Transmission and myths about HPV

The main way for someone to become infected with HPV is through direct sexual contact, whether vaginal, anal or oral, or through the use of personal objects, such as sexual toys, that have been used by an infected person. and that haven’t been properly disinfected.

Although there are many false myths about this virus, the truth is that, based on the scientific evidence collected so far, it can be concluded that:

  • Both women and men can contract and spread it
  • The virus can go unnoticed and show no symptoms whatsoever
  • The more sexual partners you have, the greater the risk of infection, even though it is possible to contract it with just a single sexual relationship.
  • Although very rare, it is not impossible for a pregnant mother to transmit HPV to the baby at the time of delivery if she has warts in the birth canal, which could cause laryngeal papillomatosis to the newborn.

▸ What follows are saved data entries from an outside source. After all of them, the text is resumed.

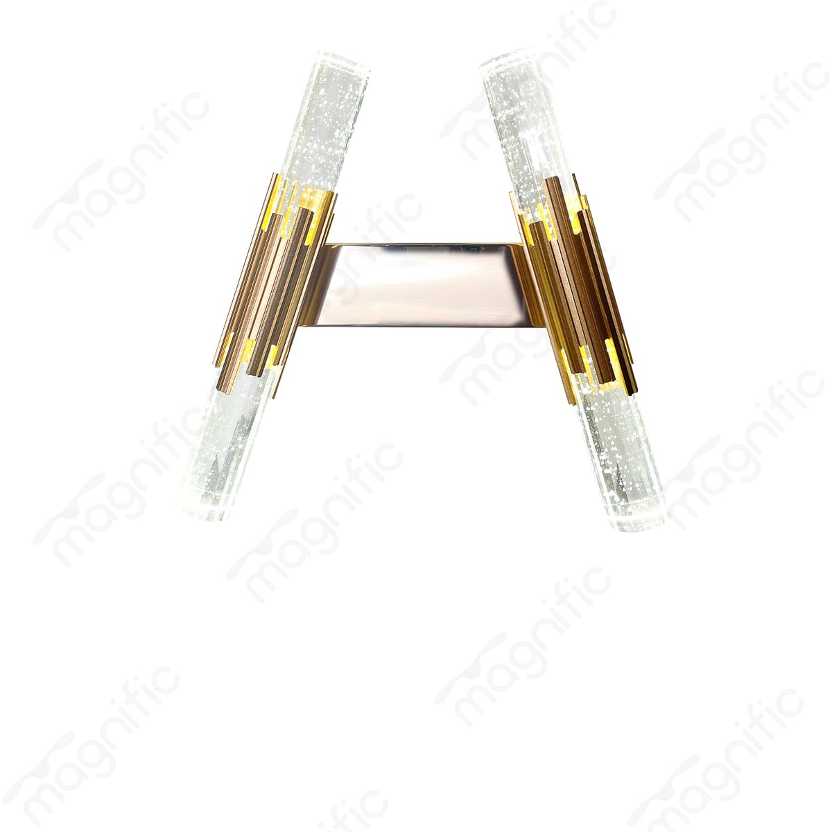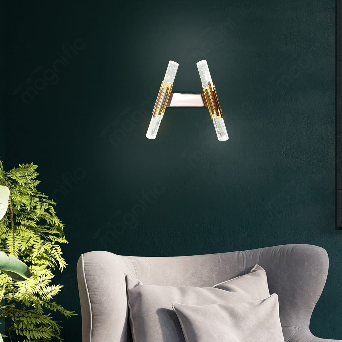 The luxurious gold finish is adorned with sparkling crystals, creating a truly dazzling focal point. This modern wall light features integrated LED bulbs cast a warm, inviting glow.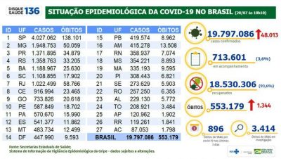 Já a quantidade de casos acumulados desde o início da pandemia chegou a 19.797.086. Em 24 horas, as autoridades de saúde confirmaram 48.013 diagnósticos positivos de covid-19.
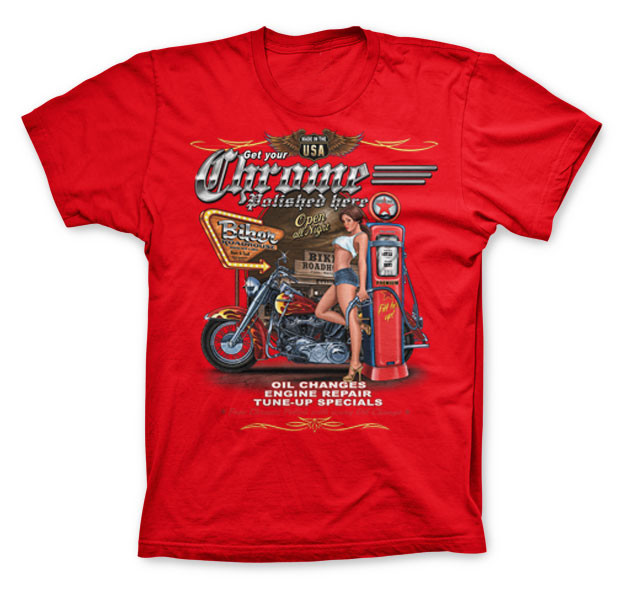 All you Biker Hotrod fans, this one of a kind t-shirt is perfect for you. Get your chrome polished here now!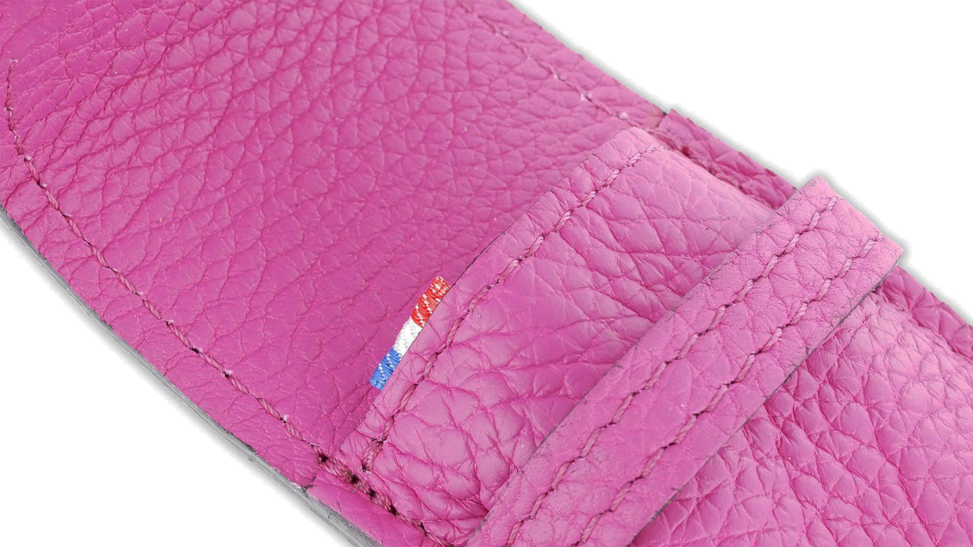 Étui cuir Laguiole Rose Fushia grainé Luxe – Accessoire élégant avec drapeau français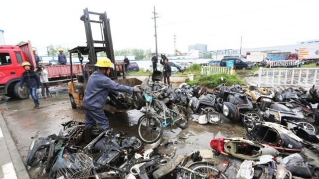 北京丰台区花乡地区集中清理违规电动自行车充电电瓶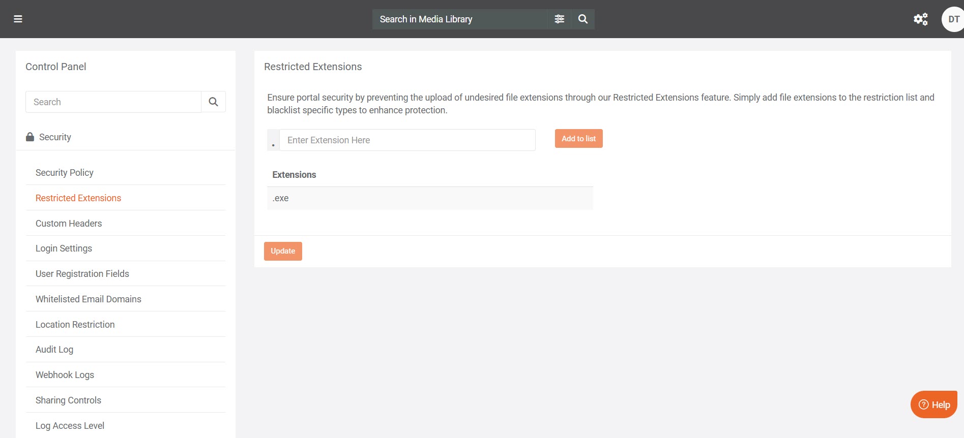 VIDIZMO enables organizations to define and manage a list of file types that are considered unsafe or unnecessary within their environment. This capability provides an added layer of security and administrative control over the content uploaded to the portal.Through the Restricted File Extensions feature in the Control Panel > Security, admins can define and manage a list of unsafe or unwanted file extensions. By blacklisting specific file types, organizations can prevent the upload of undesired content and maintain a secure, compliant environment.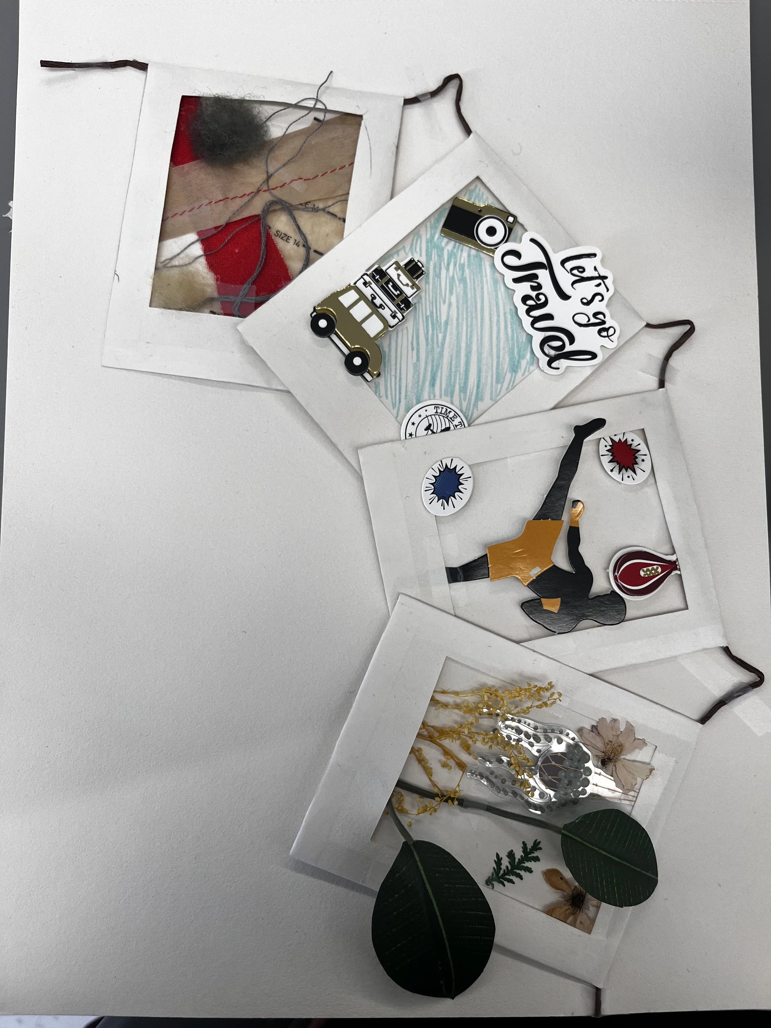At first, I was lost in which direction I should be going because I wanted to do so many things for my project! During this stage, we did collages that would inspire us, and both of the collages were about spending time physically, including traveling, gardening, and working out. That led my blurry idea from a stationary brand with planners into a brand that introduces different crafting hobbies.

The virus has not been shown to be transmitted through:

  • Swimming pools, hot tubs, gyms or any other type of sports environment.
  • Toilet seats
  • Kisses on the mouth
  • Hugs or other non-sexual physical contact.
  • Poor personal hygiene
  • Toys, food or utensils

HPV Symptoms

How do you know if you’ve been infected with HPV??

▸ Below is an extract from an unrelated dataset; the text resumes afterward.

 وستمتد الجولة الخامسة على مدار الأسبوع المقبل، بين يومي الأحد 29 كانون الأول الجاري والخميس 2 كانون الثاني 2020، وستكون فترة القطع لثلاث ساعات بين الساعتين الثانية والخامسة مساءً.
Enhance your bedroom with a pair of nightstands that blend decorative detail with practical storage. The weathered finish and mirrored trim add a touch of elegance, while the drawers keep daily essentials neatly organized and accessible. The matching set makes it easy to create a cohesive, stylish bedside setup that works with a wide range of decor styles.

As stated before, HPV often acts silently without the infected person knowing it’s there. Which is why it is so important to go to regular gynecological check-ups, which include a cytology.

If this test has a suspicious result, it will be necessary to carry out a medical follow-up, as well as any other tests that the specialist deems necessary.

It is important to bear in mind that infection by the different types of HPV is very varied and that its clinical manifestations can be different, including:

  • Visible or clinical lesions.
  • Non-visible or subclinical lesions, but diagnosed by some method, usually by examining the cells.
  • Latent states, in which the infection is present, but in an inactive state.

What can happen if you have HPV?

Human papillomavirus infection follows an evolutionary course and is not synonymous with cancer, so a positive diagnosis should not be cause for alarm.

In addition, as we have mentioned so far, the prognosis and evolution of the infection will depend on many factors such as the strain of HPV that infects us, our immune system and our lifestyle.

Thus, when we are faced with an infection, very diverse lesions can appear, which can be symptomatic or asymptomatic depending on the HPV strain that infects us. Therefore, going to the gynaecologist or health specialist regularly is very important.

Condylomas or genital warts caused by low-risk strains of HPV

These are visible lesions that can appear on the cervix as well as on other areas of the female or male genitalia such as the vagina, vulva, urethra, anus, penis, perineum, larynx or skin.

They appear as irregular lesions, often described as cauliflower-shaped. They can be the same color as the skin, pink or white, single or multiple, soft, variable in size, or confluent.

Although genital warts must be treated and may cause discomfort to the patient, their prognosis is not very serious and they rarely lead to cancerous lesions

Cervical lesions caused by high-risk HPV

The cervix is ​​the genital area which has a higher risk of persistent HPV infections.

Once the infection has occurred, the virus begins to divide within the cells of our cervix and change its morphology. The more cells that are altered, the greater the severity of the premalignant lesions that could lead to the appearance of cancer

According to the degree of progression, we can distinguish between:

  • Low-grade lesions (LSIL) or less serious lesions, with a high probability of being spontaneously eliminated by our immune system
  • High-grade lesions (HSIL) or greater severity lesions, which are more likely to persist and possess a higher risk of progressing to cervical cancer.

In any case, the gynaecologist or expert in women’s health will be the one to determine the most appropriate course of action to follow, depending on the specific conditions of each patient.